Stored entries
#####
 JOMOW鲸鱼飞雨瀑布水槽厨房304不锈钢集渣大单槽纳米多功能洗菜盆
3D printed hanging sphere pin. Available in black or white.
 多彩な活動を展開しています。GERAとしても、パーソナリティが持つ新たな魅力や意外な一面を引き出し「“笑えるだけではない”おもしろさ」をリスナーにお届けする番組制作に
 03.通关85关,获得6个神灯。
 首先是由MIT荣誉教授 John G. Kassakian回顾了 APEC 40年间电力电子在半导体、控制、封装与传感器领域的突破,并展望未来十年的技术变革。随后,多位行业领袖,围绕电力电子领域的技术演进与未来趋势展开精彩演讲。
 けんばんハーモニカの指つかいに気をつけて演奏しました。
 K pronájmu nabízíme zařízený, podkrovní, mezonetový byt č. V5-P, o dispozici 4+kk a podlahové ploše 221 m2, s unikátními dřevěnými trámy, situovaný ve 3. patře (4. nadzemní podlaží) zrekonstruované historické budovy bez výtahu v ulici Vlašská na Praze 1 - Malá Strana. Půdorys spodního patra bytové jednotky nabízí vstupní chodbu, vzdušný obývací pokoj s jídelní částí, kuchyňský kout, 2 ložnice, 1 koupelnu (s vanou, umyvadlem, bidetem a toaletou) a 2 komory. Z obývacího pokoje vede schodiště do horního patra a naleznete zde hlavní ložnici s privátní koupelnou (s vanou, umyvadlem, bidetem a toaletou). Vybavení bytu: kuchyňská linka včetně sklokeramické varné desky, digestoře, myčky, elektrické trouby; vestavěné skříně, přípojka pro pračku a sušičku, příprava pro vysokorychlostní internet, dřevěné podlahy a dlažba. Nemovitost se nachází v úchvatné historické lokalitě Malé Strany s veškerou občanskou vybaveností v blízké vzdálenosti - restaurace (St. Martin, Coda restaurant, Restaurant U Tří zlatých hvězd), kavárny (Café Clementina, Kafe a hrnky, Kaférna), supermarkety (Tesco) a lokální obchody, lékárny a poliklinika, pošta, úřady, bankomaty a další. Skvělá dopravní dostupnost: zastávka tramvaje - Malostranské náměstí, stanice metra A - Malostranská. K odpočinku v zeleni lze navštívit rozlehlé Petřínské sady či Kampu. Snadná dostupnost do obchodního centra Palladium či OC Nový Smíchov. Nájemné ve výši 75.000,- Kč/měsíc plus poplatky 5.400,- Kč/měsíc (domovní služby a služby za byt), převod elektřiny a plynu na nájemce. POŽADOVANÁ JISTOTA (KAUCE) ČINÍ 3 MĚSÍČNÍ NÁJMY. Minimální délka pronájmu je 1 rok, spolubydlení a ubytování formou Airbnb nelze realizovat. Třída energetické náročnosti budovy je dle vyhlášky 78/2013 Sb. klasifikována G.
#####
ACTIVITY
Your answer must be the lines from the one containing "03.通关85关,获得6个神灯。" to the last line of the entries, repeated exactly and with nothing else.

WRITTEN SOLUTION
 03.通关85关,获得6个神灯。
 首先是由MIT荣誉教授 John G. Kassakian回顾了 APEC 40年间电力电子在半导体、控制、封装与传感器领域的突破,并展望未来十年的技术变革。随后,多位行业领袖,围绕电力电子领域的技术演进与未来趋势展开精彩演讲。
 けんばんハーモニカの指つかいに気をつけて演奏しました。
 K pronájmu nabízíme zařízený, podkrovní, mezonetový byt č. V5-P, o dispozici 4+kk a podlahové ploše 221 m2, s unikátními dřevěnými trámy, situovaný ve 3. patře (4. nadzemní podlaží) zrekonstruované historické budovy bez výtahu v ulici Vlašská na Praze 1 - Malá Strana. Půdorys spodního patra bytové jednotky nabízí vstupní chodbu, vzdušný obývací pokoj s jídelní částí, kuchyňský kout, 2 ložnice, 1 koupelnu (s vanou, umyvadlem, bidetem a toaletou) a 2 komory. Z obývacího pokoje vede schodiště do horního patra a naleznete zde hlavní ložnici s privátní koupelnou (s vanou, umyvadlem, bidetem a toaletou). Vybavení bytu: kuchyňská linka včetně sklokeramické varné desky, digestoře, myčky, elektrické trouby; vestavěné skříně, přípojka pro pračku a sušičku, příprava pro vysokorychlostní internet, dřevěné podlahy a dlažba. Nemovitost se nachází v úchvatné historické lokalitě Malé Strany s veškerou občanskou vybaveností v blízké vzdálenosti - restaurace (St. Martin, Coda restaurant, Restaurant U Tří zlatých hvězd), kavárny (Café Clementina, Kafe a hrnky, Kaférna), supermarkety (Tesco) a lokální obchody, lékárny a poliklinika, pošta, úřady, bankomaty a další. Skvělá dopravní dostupnost: zastávka tramvaje - Malostranské náměstí, stanice metra A - Malostranská. K odpočinku v zeleni lze navštívit rozlehlé Petřínské sady či Kampu. Snadná dostupnost do obchodního centra Palladium či OC Nový Smíchov. Nájemné ve výši 75.000,- Kč/měsíc plus poplatky 5.400,- Kč/měsíc (domovní služby a služby za byt), převod elektřiny a plynu na nájemce. POŽADOVANÁ JISTOTA (KAUCE) ČINÍ 3 MĚSÍČNÍ NÁJMY. Minimální délka pronájmu je 1 rok, spolubydlení a ubytování formou Airbnb nelze realizovat. Třída energetické náročnosti budovy je dle vyhlášky 78/2013 Sb. klasifikována G.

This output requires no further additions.